COVID-19 testing and vaccinations

Understanding the changes that come with the end of the Public Health Emergency

The Public Health Emergency (PHE) for COVID-19 expired on May 11, 2023. The PHE allowed patients and healthcare providers to access COVID-19 vaccinations, testing, treatments, and services more easily during the pandemic. The end of the PHE will have changes that affect some healthcare costs and access to services. Here is a quick guide to what will, won’t, or could be changing now that the PHE has expired.

What WILL be affected:

Certain Medicare and Medicaid waivers

  • During the COVID-19 PHE, a combination of emergency authority waivers, regulations, and regulatory guidance were used to expand access to care and to give health care providers the flexibilities needed to help keep people safe.
  • Many of these waivers and flexibilities were necessary to expand hospital capacity to care for higher numbers of patients needing care during the pandemic.
  • No longer necessary, many waivers related to increasing care capacity will end when the PHE expires.

3-Day Skilled Nursing Facility (SNF) waiver

  • During the pandemic, Medicare temporarily waived the requirement for a 3-day prior hospitalization before covering the cost for a skilled nursing facility (SNF)
  • After May 11, patients who get referred to a SNF without 3 days in the hospital will either be denied admission to the SNF or may be surprised by an unexpected bill when Medicare won’t cover it.
  • WellSpan has worked with our SNF Preferred Provider Network and independent practice partners to ensure awareness of the change regarding 3-day requirements for a covered admission.

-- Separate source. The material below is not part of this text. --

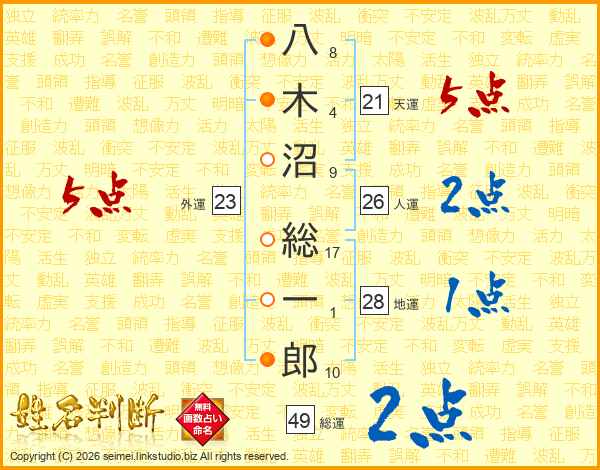 八木沼総一郎さんの人運は26画の2点!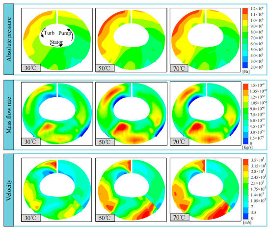 Figure 10 illustrates the distribution of absolute pressure, mass flow rate, and flow velocity in the axial flow plane within the torque converter. It can be observed that at low temperatures, the pressure gradient is relatively small, with high pressure occurring at the impeller outlet and turbine inlet. As the temperature increases, the high-pressure region begins to appear on the outer ring of the turbine, while the low-pressure region emerges in the guide vane area. Additionally, the pressure distribution gradient increases with rising temperature. Furthermore, the mass flow rate of the oil increases as the temperature rises, with substantial changes at low temperatures. When the temperature exceeds 60 °C, the mass flow rate distribution stabilizes, with its peak value appearing at the inlet of the guide vane and turbine.

Coverage for COVID-19 testing

  • Medicare
    • Medicare Part B beneficiaries will continue to have coverage without cost sharing for laboratory-conducted COVID-19 tests when ordered by a provider.
    • Access to free over-the-counter (OTC) COVID-19 tests will end though, consistent with the statute on Medicare payment for OTC tests set by U.S. Congress.
  • State Medicaid
    • State Medicaid programs must provide coverage without cost sharing for COVID-19 testing until September 30, 2024.
  • Private Insurance
    • Private insurance companies are not required to cover tests without cost sharing for OTC or laboratory tests.
    • However, coverage may continue if plans choose to continue to include it. If you are unsure if you have coverage for COVID-19 testing, please reach out to your insurance company.

Reporting of COVID-19 laboratory results and immunization data

  • COVID-19 testing data reporting will not be required from labs.
  • The CDC will stop producing the color-coded Community Level reports and maps of transmission rates.


What WON’T be affected:

Access to COVID-19 vaccinations and certain COVID-19 treatments

  • Access to COVID-19 vaccinations and certain COVID-19 treatments will generally not be affected.
  • The FDA’s Emergency Use Authorizations for COVID-19 products (including tests, vaccines, and treatments) will not be affected.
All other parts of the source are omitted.